◆ Exercise requirements ◆
Please return every line of the material verbatim and skip any images.

+ + + + +

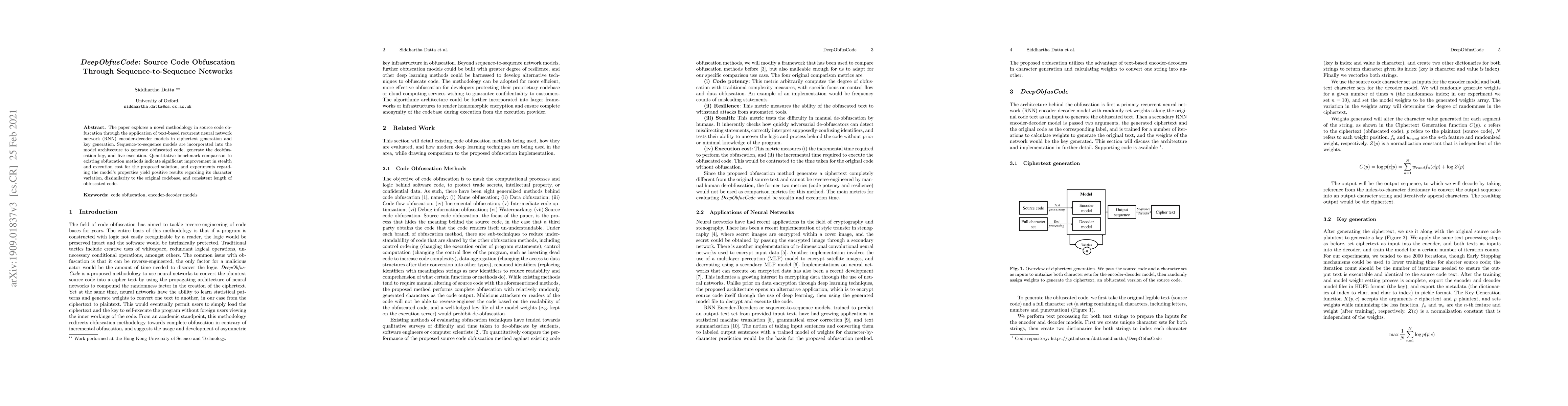 The paper explores a novel methodology in source code obfuscation through the application of text-based recurrent neural network (RNN) encoder-decoder models in ciphertext generation and key generation. Sequence-to-sequence models are incorporated into the model architecture to generate obfuscated code, generate the deobfuscation key, and live execution. Quantitative benchmark comparison to existing obfuscation methods indicate significant improvement in stealth and execution cost for the proposed solution, and experiments regarding the model's properties yield positive results regarding its character variation, dissimilarity to the original codebase, and consistent length of obfuscated code.
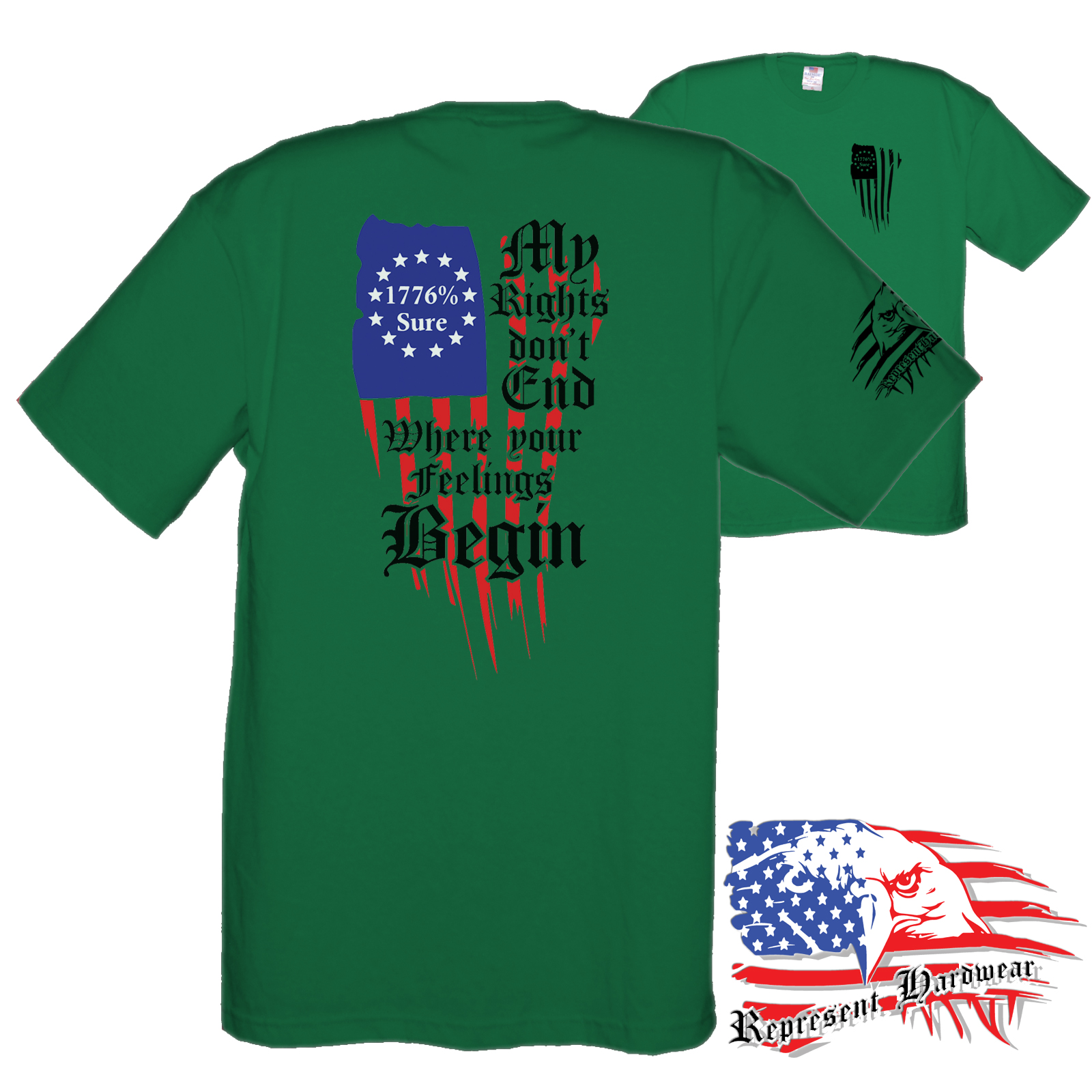 Celebrate your American spirit with our bold statement design, "My Rights don't End Where your feelings Begin." This thought-provoking design challenges the notion that feelings equates to a right, encouraging open dialogue and critical thinking. Crafted with high-quality materials, this design is perfect for those who value freedom of expression and wish to showcase their unique perspective. Make a statement and spark conversations with this eye-catching addition to your wardrobe or home decor.
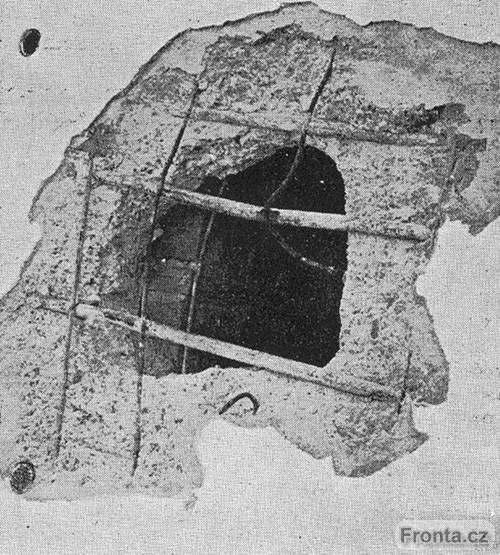 Detail vylámaného otvoru, ocelové armatury a třmínky jsou dobře patrné.
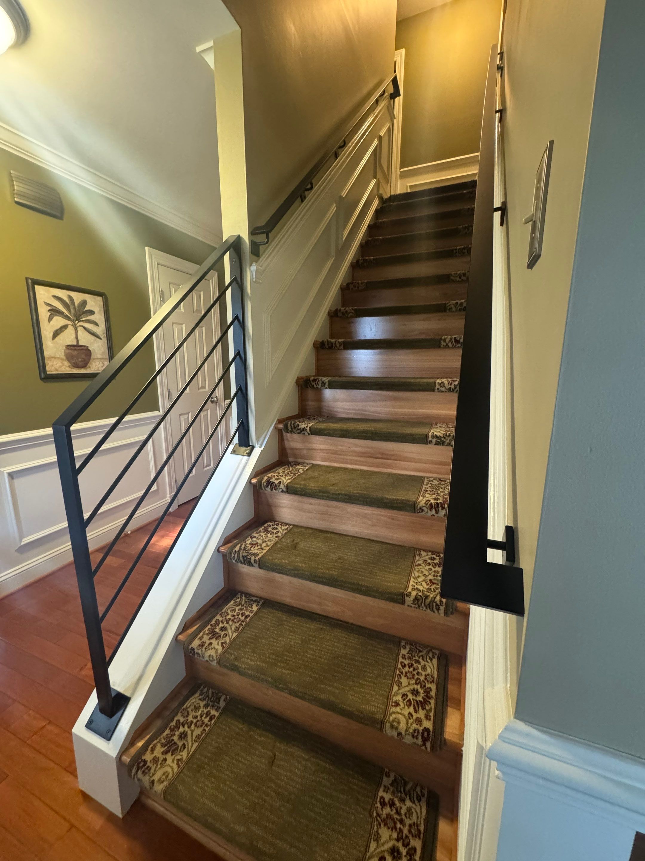 Project Description Suggestion Capitol Iron Works recently upgraded this residential interior by replacing bulky, traditional wooden banisters with a custom-fabricated modern steel railing system. This project highlights our ability to integrate sleek, industrial-strength materials into a refined home environment. Project Details & Craftsmanship: Contemporary Profile: The system features a solid steel flat bar top rail, providing a slim, modern look that maximizes visibility and light throughout the staircase. Precision Fabrication: All posts are constructed from square steel tubing, custom-fitted to the existing stair treads for a seamless, "built-in" appearance. Horizontal Infill: The design utilizes solid round bar horizontal balusters, a popular contemporary choice that creates an airy, open-concept feel while maintaining strict safety standards. Professional Finish: The railings are finished in a satin architectural black, offering a durable and elegant contrast to the home’s light interior and wood flooring. Full Service: Our team handled the entire process, from the clean removal of the previous wood railing to the final precision-welded installation of the new steel system. This project is an excellent example of the "Modern-Industrial" style currently in high demand across Maryland, DC, and Virginia. It demonstrates how Capitol Iron Works can transform a standard staircase into a high-end architectural focal point.
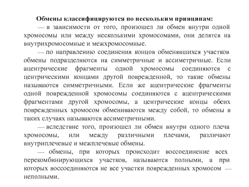 по направлению соединения концов обменявшихся участков обмены подразделяются на симметричные и ассиметричные. Если ацентрические фрагменты одной хромосомы соединяются с центрическими концами другой поврежденной, то такие обмены называются симметричными. Если же ацентрические фрагменты одной поврежденной хромосомы соединяются с ацентрическими фрагментами другой хромосомы, а центрические концы обеих поврежденных хромосом обмениваются между собой, то обмены в таких случаях называются ассиметричными.

+ + + + +

◆ Answer ◆
 The paper explores a novel methodology in source code obfuscation through the application of text-based recurrent neural network (RNN) encoder-decoder models in ciphertext generation and key generation. Sequence-to-sequence models are incorporated into the model architecture to generate obfuscated code, generate the deobfuscation key, and live execution. Quantitative benchmark comparison to existing obfuscation methods indicate significant improvement in stealth and execution cost for the proposed solution, and experiments regarding the model's properties yield positive results regarding its character variation, dissimilarity to the original codebase, and consistent length of obfuscated code.
 Celebrate your American spirit with our bold statement design, "My Rights don't End Where your feelings Begin." This thought-provoking design challenges the notion that feelings equates to a right, encouraging open dialogue and critical thinking. Crafted with high-quality materials, this design is perfect for those who value freedom of expression and wish to showcase their unique perspective. Make a statement and spark conversations with this eye-catching addition to your wardrobe or home decor.
 Detail vylámaného otvoru, ocelové armatury a třmínky jsou dobře patrné.
 Project Description Suggestion Capitol Iron Works recently upgraded this residential interior by replacing bulky, traditional wooden banisters with a custom-fabricated modern steel railing system. This project highlights our ability to integrate sleek, industrial-strength materials into a refined home environment. Project Details & Craftsmanship: Contemporary Profile: The system features a solid steel flat bar top rail, providing a slim, modern look that maximizes visibility and light throughout the staircase. Precision Fabrication: All posts are constructed from square steel tubing, custom-fitted to the existing stair treads for a seamless, "built-in" appearance. Horizontal Infill: The design utilizes solid round bar horizontal balusters, a popular contemporary choice that creates an airy, open-concept feel while maintaining strict safety standards. Professional Finish: The railings are finished in a satin architectural black, offering a durable and elegant contrast to the home’s light interior and wood flooring. Full Service: Our team handled the entire process, from the clean removal of the previous wood railing to the final precision-welded installation of the new steel system. This project is an excellent example of the "Modern-Industrial" style currently in high demand across Maryland, DC, and Virginia. It demonstrates how Capitol Iron Works can transform a standard staircase into a high-end architectural focal point.
 по направлению соединения концов обменявшихся участков обмены подразделяются на симметричные и ассиметричные. Если ацентрические фрагменты одной хромосомы соединяются с центрическими концами другой поврежденной, то такие обмены называются симметричными. Если же ацентрические фрагменты одной поврежденной хромосомы соединяются с ацентрическими фрагментами другой хромосомы, а центрические концы обеих поврежденных хромосом обмениваются между собой, то обмены в таких случаях называются ассиметричными.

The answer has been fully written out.